By Willie Bodenstein

Despite doing well in the Schneider Series of Air Races and winning the race and trophy outright in 1931 the Brittish had no contender capable of putting up a challenge over the MacPherson Course from London to Melbourne, Australia with its long overland stages until de Havilland stepped into the breach.

Sir McPherson Robertson, an Australian entrepreneur and philanthropist and owner of the confectionary company, MacRobertson's and co founder of MacRobertson Miller Airlines in 1934 sponsored the MacRobertson Air Race with the princely first price of $75,000. The race was to start in London and follow a set course with the finish being at the Flemington Race Course in Melbourne.

De Havilland, then one of the biggest manufacturers of aircraft in Britain offered to produce a racer capable of 322 km/h with the endurance and capability to complete the gruelling eleven thousand miles of mountains, desert and ocean that separated the two continents on condition that three orders were received. The aircraft were offered at a measly, even then, 5,000 pounds, barely enough to cover development cost. The sleek twin was to be named the DH.88 Comet.
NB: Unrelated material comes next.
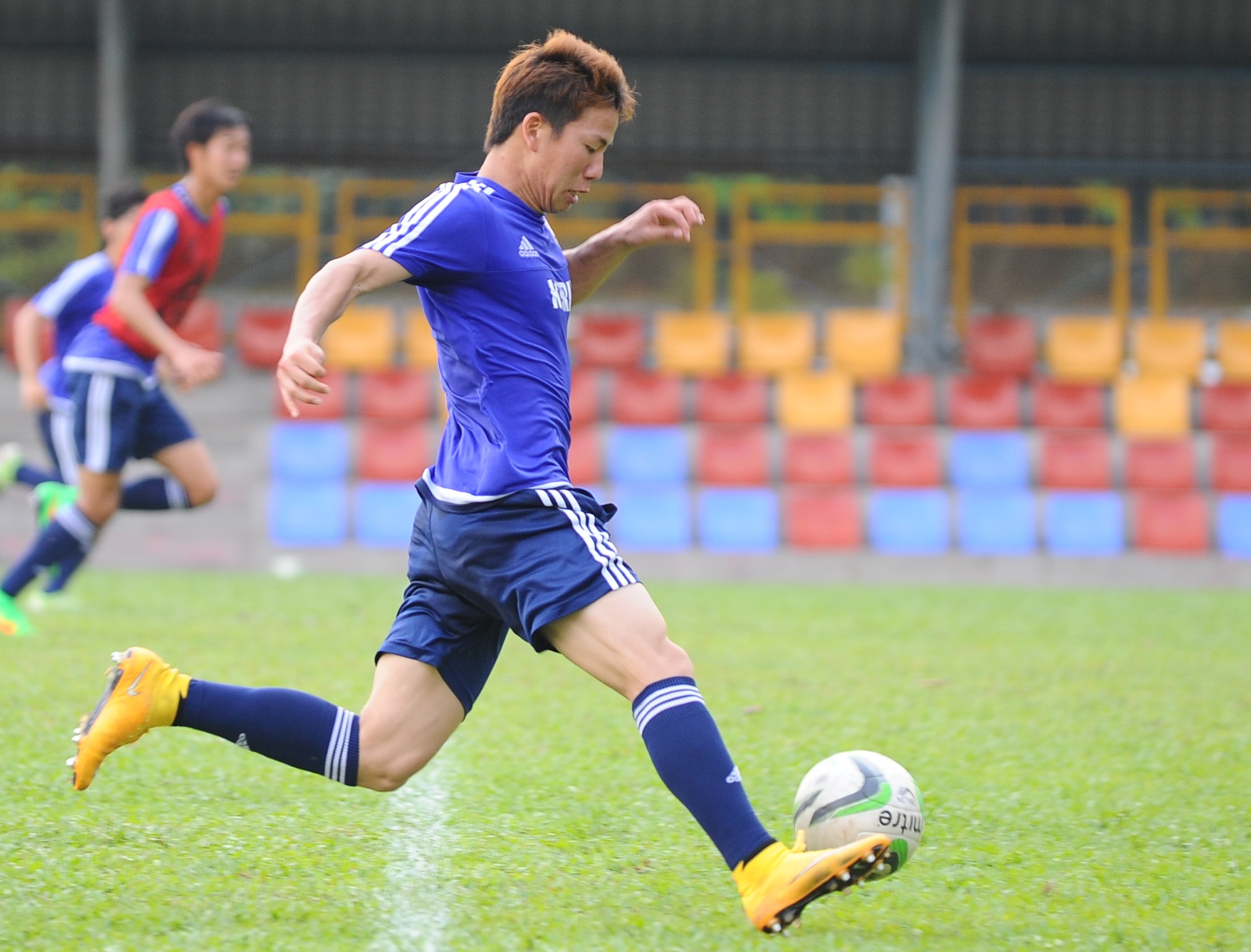 | Cuối buổi tập, HLV Makoto Teguramori cho các cầu thủ chơi đùa với bóng để duy trì cảm giác. |
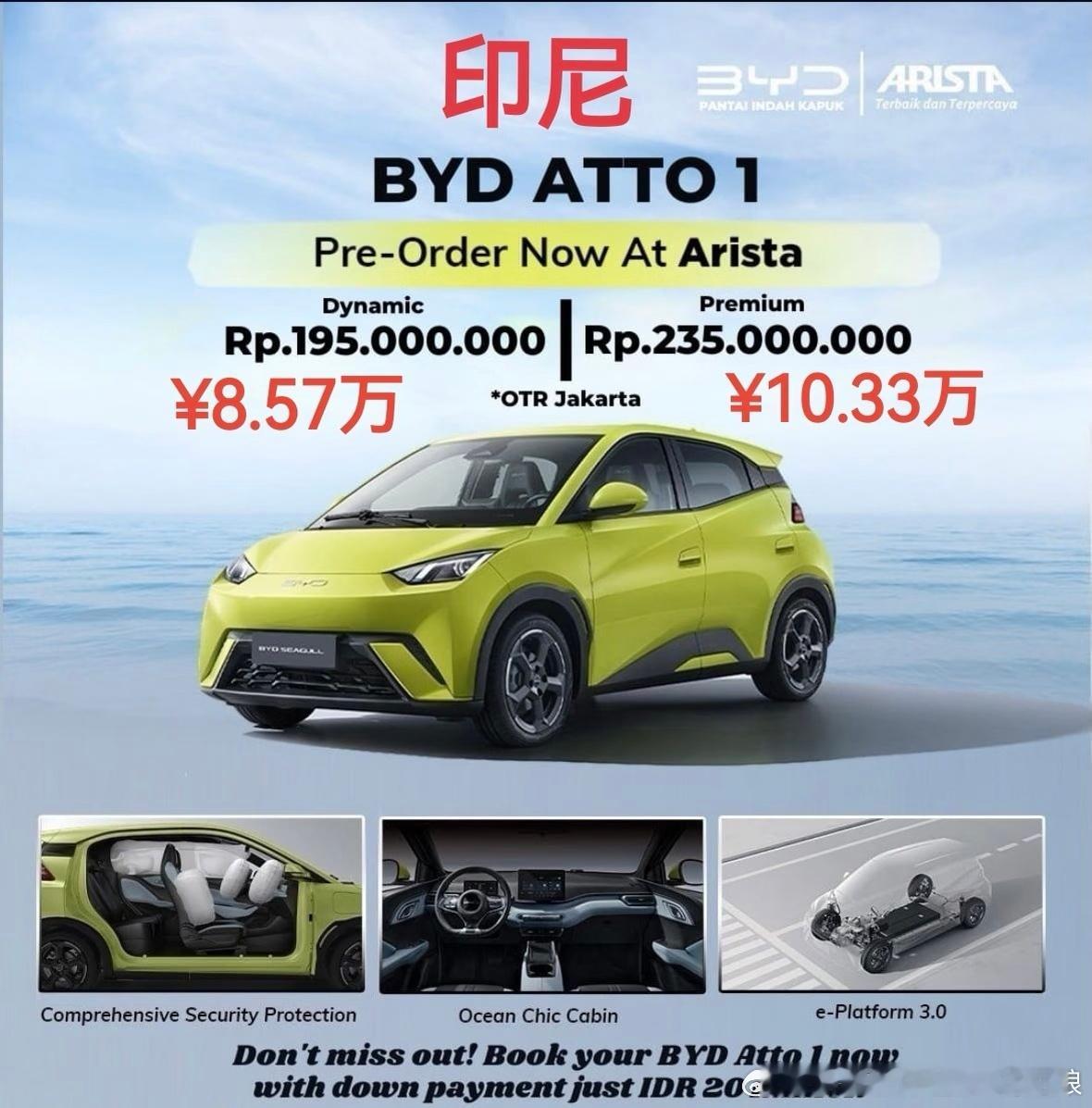 比亚迪杀疯了!🔥在印尼,BYDAtto1直接干进了销量榜第10,卖了22

The condition was met and three orders were received and de Havilland met the changeling schedule, testing only starting six weeks before the race was to commence. Five were eventually build. Sharing the starting line of seventeen aircraft that included among others two Fairy Fox converted bombers as well as the new Douglas DC-2 airliner were three distinctly coloured Comets one of which was the red DH.88, Grosvenor House piloted by Tom Campbell Black and Charles Scott.

The DH.88 was of fairly conventional construction with the airframe constructed of wood and clad with spruce plywood whilst the wings were covered in fabric. The streamlined nose held the main fuel tanks and the low set central cockpit seated two side by side. Standard Gipsy Six engines as used in the Dragon Rapide but tuned for best performance drove the two position variable pitch propellers. The undercarriage was housed in the engine nacelles into which it withdrew upwards and backwards.

Saturday October 20th 1934 and an estimated 60,000 people flocked to Mildenhall to witness the 6am start of the grand race. The sleek red DH.88 of Black and Scott crossed the starting line at 6.34am. At the start of the race they flew half an hour each whilst the other slept, eat or (imagine that today) smoked but as the race progressed this proofed to be not feasible and so the rest periods were at first cut to twenty and eventually to ten minutes.

Two days, 4 hours and 38 minutes later they arrived at Darwin where a huge crowd leaped the fences and rushed to the aircraft causing panic amongst the officials and police, as it seemed as if the aircraft was about to be smashed to pieces and the by then exhausted aviators were to be crushed by the crowd. For Scott and Black the race was however not over yet.

The last checkpoint, before reaching the finish line was at Charleville, which they reached at 10.40pm (GMT). They wearily and no doubt anxiously remembering the close shave with the unruly crowd at the previous stop climb from the cockpit. They were anxious to leave, knowing that the KLM entry was close on their tail but fate intervened as the their mechanics had to replace the two cylinder heads and the Comet was also experiencing oil pressure problems. They finally took of and then as fate would have it had to turn back when Scott noticed that the oil pressure was down on one of the engines. It took the frantic mechanics over an hour to rectify the fault before they again got airborne for the final estimated six hours of flying remaining.

With Melbourne in sight they headed for the Flemington Racecourse and the finishing line between two pylons, which they crossed at 200 feet and so confirm their win of the grueling race. Then they headed for Laverton and after having switched of the engines they shook hands, it was 5.35 am (GMT) and they had completed the course in two days and twenty-three hours. Numb and dazed and no doubt exhausted they were then flown back to the racecourse in a little Puss Moth where they were taken by car to the dias where the Lord Mayor, Sir Harold Gengoult-Smith welcomed them, saying: "You have thrilled the world and earned the Empires admiration and Australia's homage."

Black and Scott were indeed heroes, men who changed the world and made it a smaller place. There are others too that must be admired, those that have the foresight to conserve the rich heritage and for that we hold dear for if not for them DH.88 Comet, Grosvenor House will today not grace the skies.